AVAILABLE DATA —
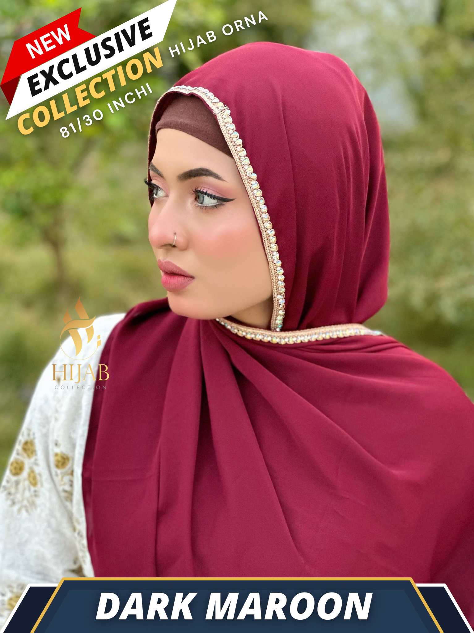 ডায়মন্ড জর্জেট ডাবল লুপ ইনস্ট্যান্ট লেস রেডি হিজাব -LRHD1- Dark Maroon Color
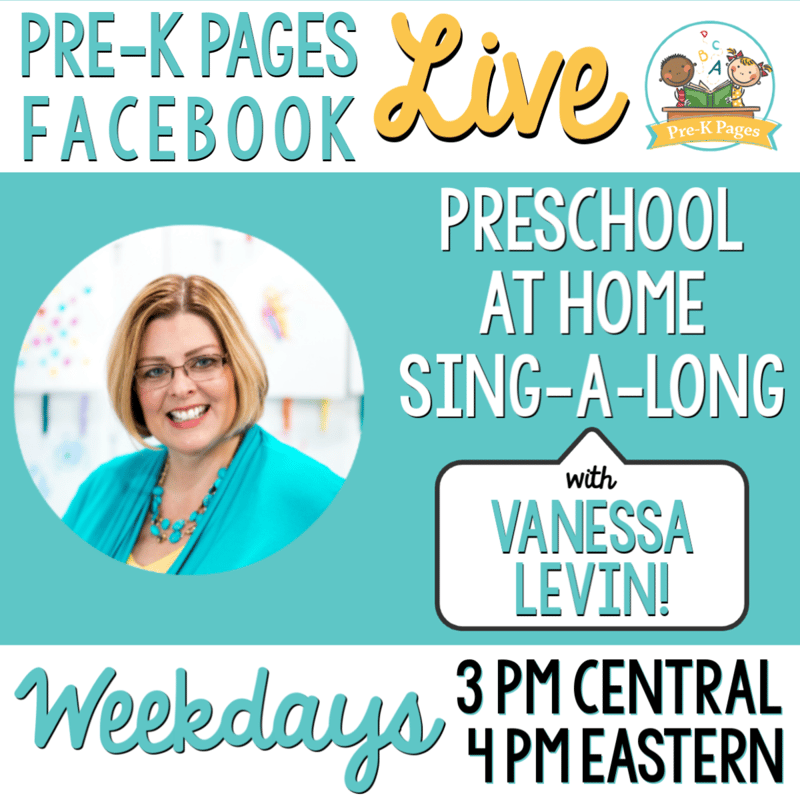 VANESSA LEVIN, Founder of The Teaching Tribe, has started going Live on Facebook every weekday at 3 PM Central/4 PM Eastern with my Preschool at Home Sing-A-Long Series.
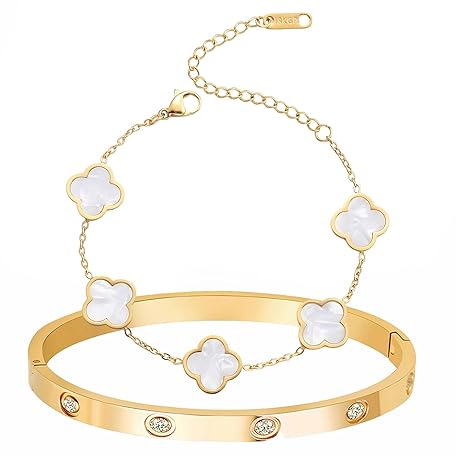 Sản phẩm Niarezom 18K Gold Plated Four Leaf Clover Bracelet Bangle Set for Women Stack Bracelets Bangle for Love Trendy Jewelry Gifts for Women đang được bán với giá ưu đãi là $18.5191 tại nước Mỹ.
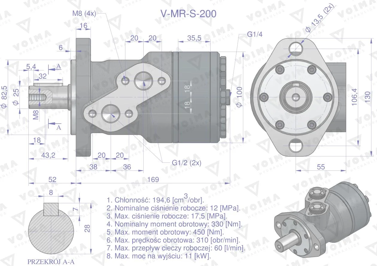 Silnik hydrauliczny orbitalny (stosowany do owijarek) V-MR-S 200 cm3/obr (175 bar / max.200 bar) VOIMA - 17,5 MPa/175 bar - uwaga: maksymalne ciągłe ciśnienie pracy silnika). Silniki serii V-MR mają lekką kompaktową konstrukcję, wysoki moment obrotowy. Możliwość połączenia równolegle lub szeregowo. W celu osiągnięcia dłuższej żywotności zaleca się, aby optymalne warunki pracy były na poziomie 1/3 do 2/3 parametrów maksymalnych.

YOUR GOAL —
What is needed is an exact transcription of the lines from the one holding "Sản phẩm Niarezom" to the end of the data, with every picture left out.

RESULT —
 Sản phẩm Niarezom 18K Gold Plated Four Leaf Clover Bracelet Bangle Set for Women Stack Bracelets Bangle for Love Trendy Jewelry Gifts for Women đang được bán với giá ưu đãi là $18.5191 tại nước Mỹ.
 Silnik hydrauliczny orbitalny (stosowany do owijarek) V-MR-S 200 cm3/obr (175 bar / max.200 bar) VOIMA - 17,5 MPa/175 bar - uwaga: maksymalne ciągłe ciśnienie pracy silnika). Silniki serii V-MR mają lekką kompaktową konstrukcję, wysoki moment obrotowy. Możliwość połączenia równolegle lub szeregowo. W celu osiągnięcia dłuższej żywotności zaleca się, aby optymalne warunki pracy były na poziomie 1/3 do 2/3 parametrów maksymalnych.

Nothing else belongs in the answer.